Meta wins artificial intelligence copyright case in blow to authors

Meta wins artificial intelligence copyright case in blow to authors (www.ft.com)
from IsaamoonKHGDT_6143@lemmy.zip to technology@lemmy.world on 26 Jun 00:08
https://lemmy.zip/post/42352911

Link without the paywall

archive.ph/OgKUM

#technology

threaded - newest

mienshao@lemm.ee on 26 Jun 00:35 next collapse

American law has become a literal fucking joke (IAAL). I could’ve guessed the could get the outcome of this case without any facts: the huge corporation wins over authors. American law is no longer capable of holding major corporations to account, so we need a new legal system—one that’s actually functional.

MCasq_qsaCJ_234@lemmy.zip on 26 Jun 00:39 next collapse

Do you want a new constitution in the United States?

DarkDarkHouse@lemmy.sdf.org on 26 Jun 02:26 next collapse

Could start with a guillotine for corporations and see how that goes.

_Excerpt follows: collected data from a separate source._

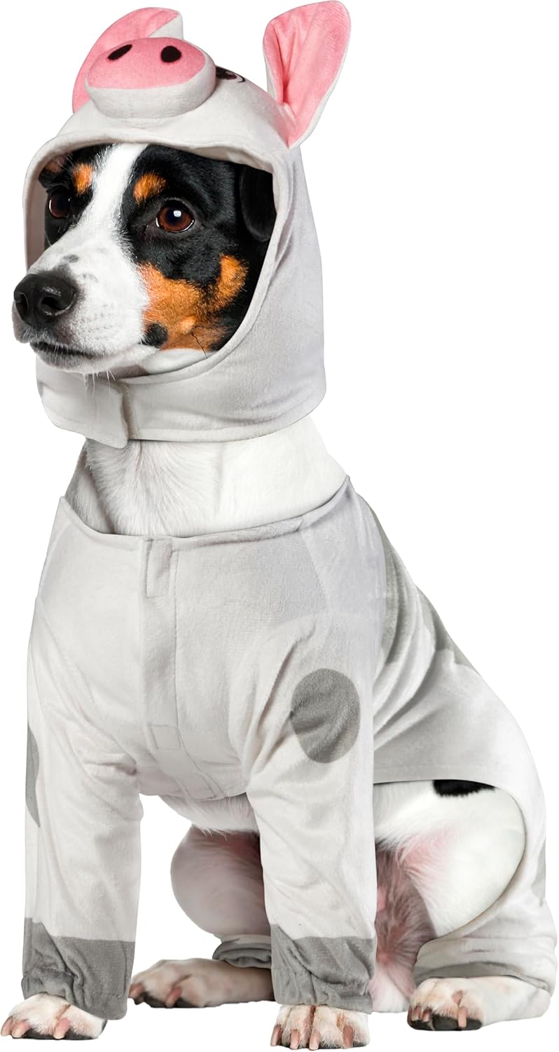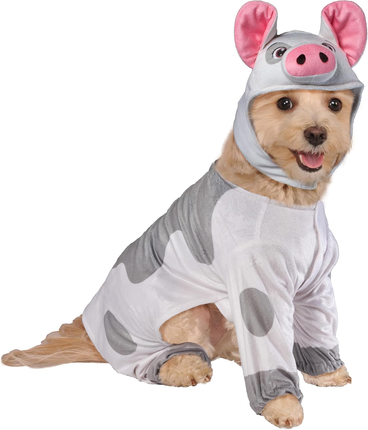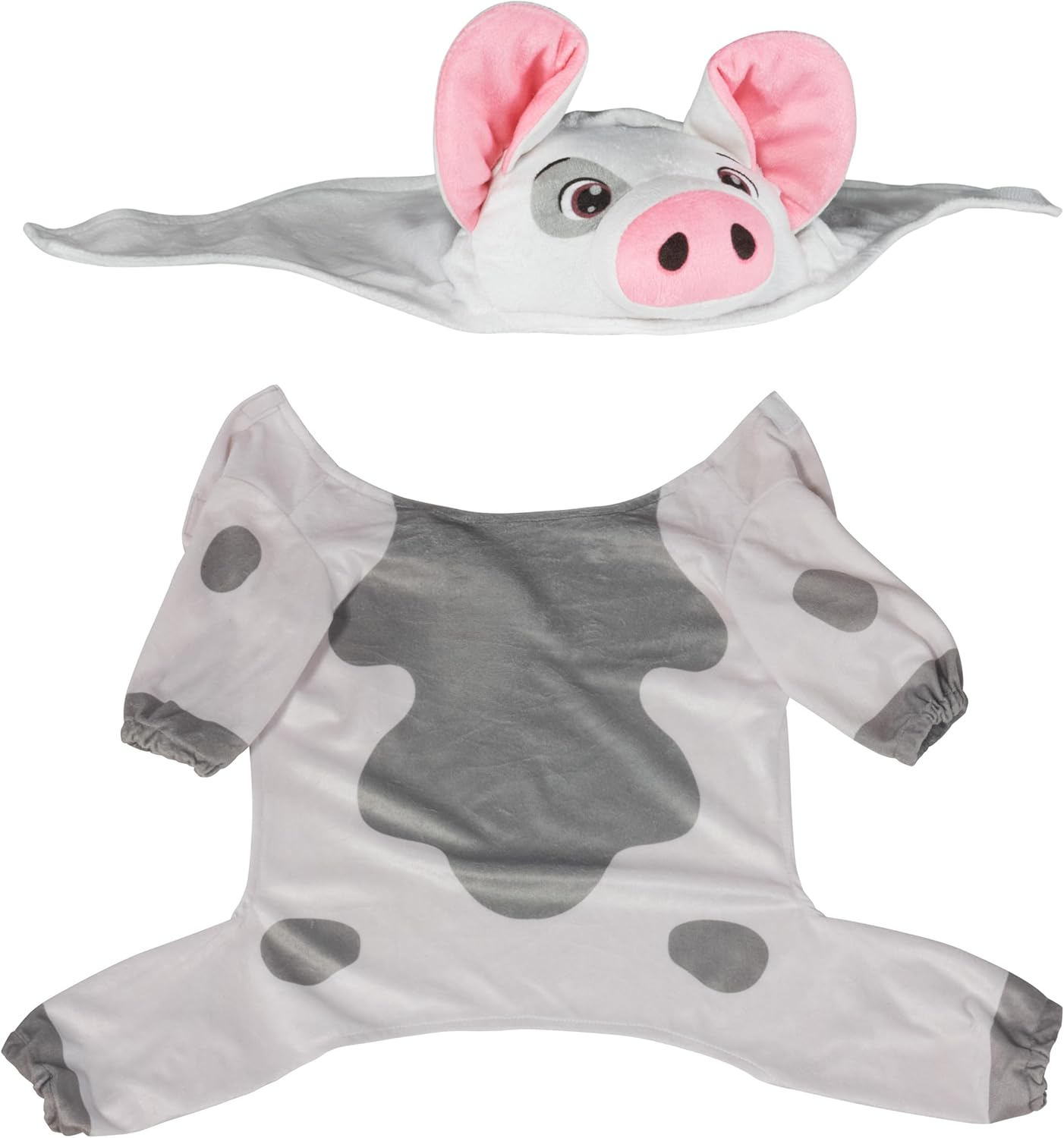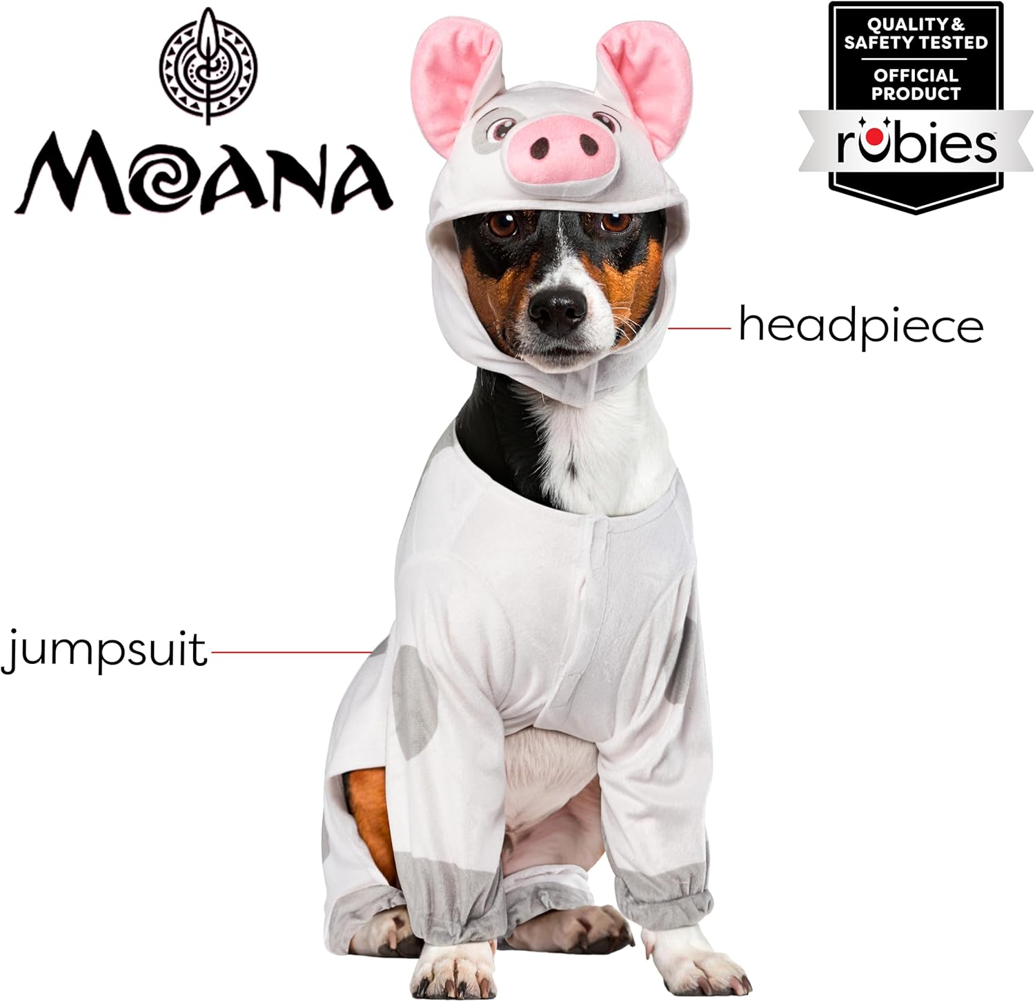 Disney's Moana 2 Pua pet costume with headpiece. Make sure you consult the size chart and video! Not all COSTUMES WILL FIT ALL PETS without alteration. Rubies officially licensed pet costumes inspired by classic Disney characters, created under license with Disney Consumer Products and Interactive Media, are stylish, cute, shareable, and comfortable. Look for entire line and create you own pet playgroup: “Mickey and Friends” pet costumes and accessories (including Mickey, Minnie, Donald, and Goofy), “Disney Princess” pet costumes with wigs (including Cinderella, Ariel, Belle, and Snow White), “Winnie the Pooh” pet costumes and accessories (including Winnie, Tigger, Piglet, and Eeyore), Pixar’s Toy Story pet costume and accessories (including Woody and Buzz Light-year), and pet costumes from the film Disney Tim Burton’s Nightmare Before Christmas and more. Designed for a wide range of pets with costumes and accessories available in sizes XS- XXXL.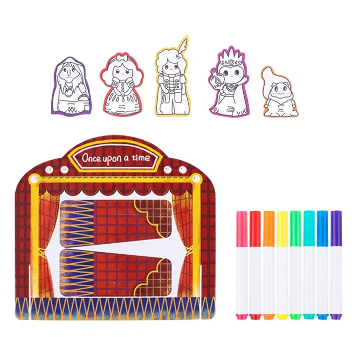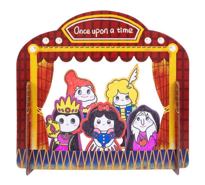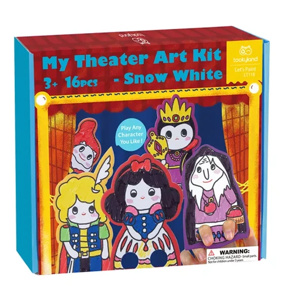 Javisko pripravené, scéna môže začať! Divadelná kreatívna sada Snehulienka od Tookyland obsahuje kulisy aj s 5 papierovými bábkami s postavičkami z rozprávky Snehulienka.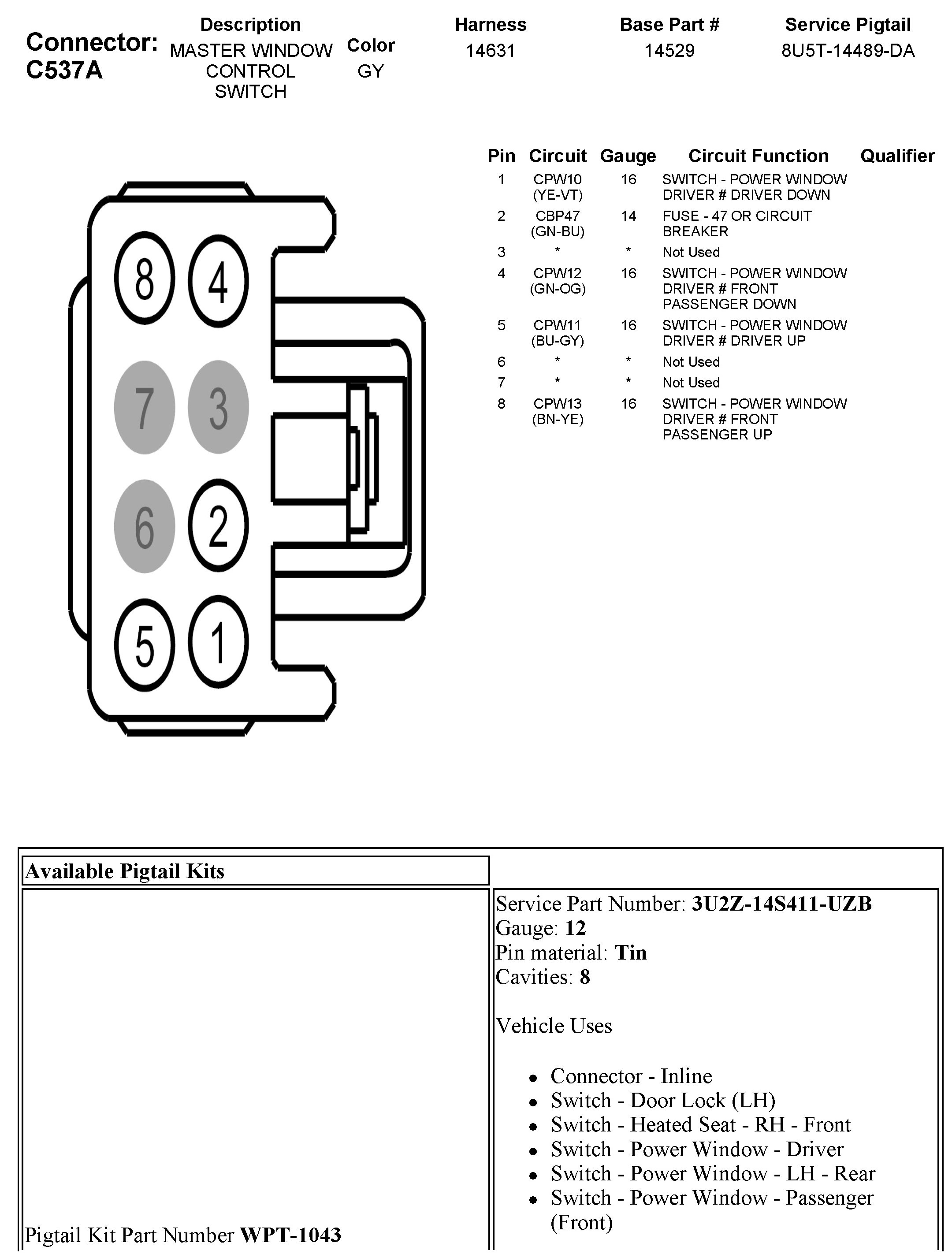 C537A Master Window Control Switch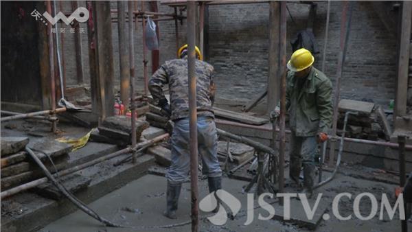 进入到糖坊廊61号,记者看到,房屋的顶部已经被揭掉,维修支架全部搭建起来,工人们正在进行施工。现在的工作是灌浆,因为糖坊廊61号年久失修地基已经出现了塌陷,尤其是南边。主要对地基进行加固防止再次塌陷。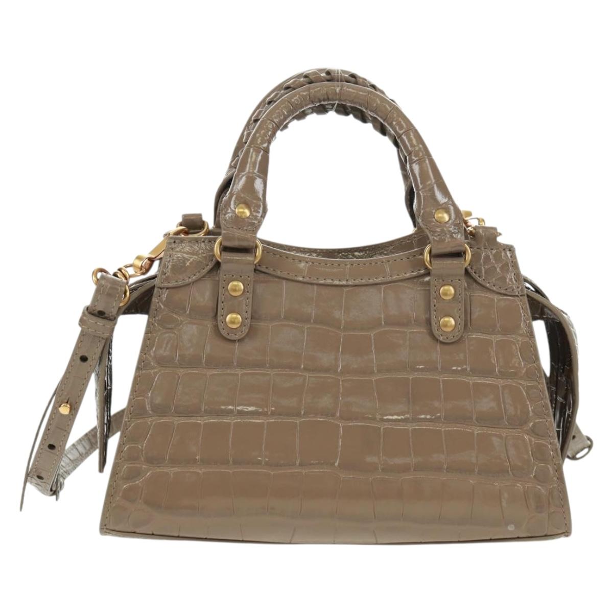 BALENCIAGA Neo Classic City Hand Bag Patent 2way Gray Gold 638524 Auth am10547SAM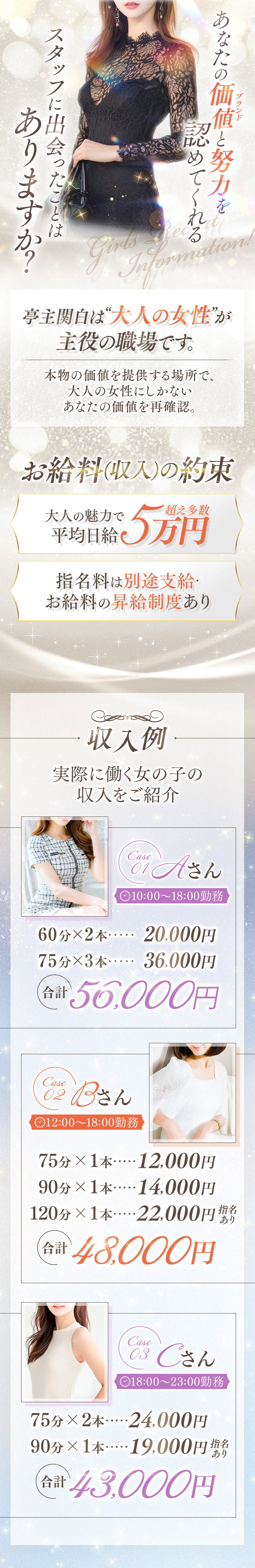 未経験でも安心♪落ち着いた大人の女性が活躍中の『亭主関白』。スタッフがあなたの価値と魅力を引き出します!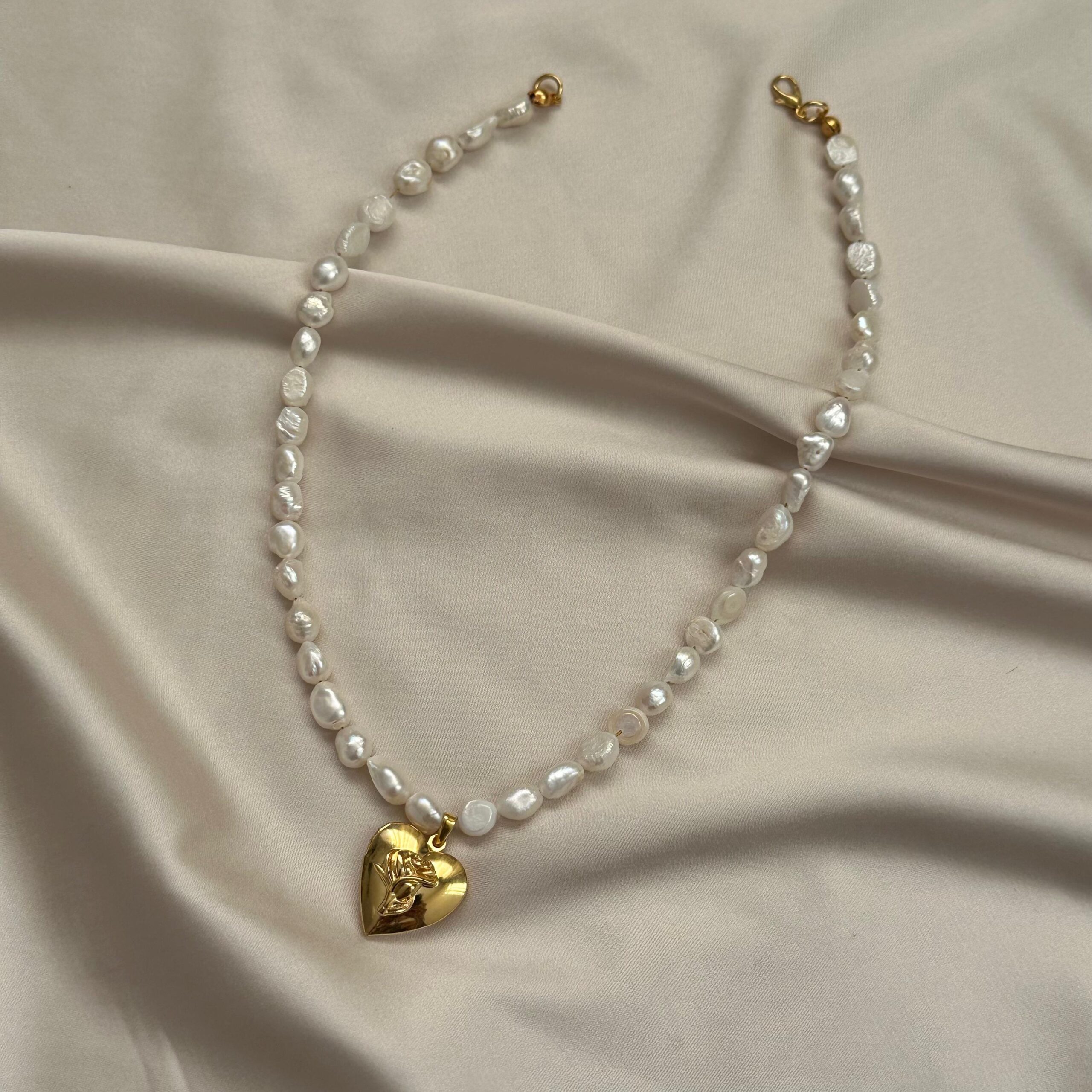 Gerçek inci, 14K altın kaplama charm ve çelik misina kullanılmıştır.

technocrit@lemmy.dbzer0.com on 27 Jun 14:56 collapse

If a pact between enslavers is a complete failure, why not just make another one? \s

en.wikipedia.org/wiki/Civil_religion

drmoose@lemmy.world on 26 Jun 02:32 collapse

But the actual process of an AI system distilling from thousands of written works to be able to produce its own passages of text qualified as “fair use” under U.S. copyright law because it was “quintessentially transformative,” Alsup wrote.

Thats the actual argument and the judge is right here. LLMs are transformative in every sense of the word. The technology is even called “transformers”.

actionjbone@sh.itjust.works on 26 Jun 02:43 next collapse

Yeah, well, I could call my dick the Magnum Opus but that wouldn’t make it two feet long.

Leesi@lemmy.blahaj.zone on 26 Jun 06:44 collapse

Fallacious argument.

Something that can’t generate wine glass full to the brim without a band-aid fix is far from “transformative.” Even if it were:

Only the owner of copyright in a work has the right to prepare, or to authorize someone else to create, a new version of that work.

More like obfuscated plagiarism.

drmoose@lemmy.world on 26 Jun 10:59 collapse

Nope I’m literally a data programmer working in this field. Any sufficiently transformed data even coming from hard copyright is transformative work and currently LLMs meet this criteria and will continue to do so. Wanna bet?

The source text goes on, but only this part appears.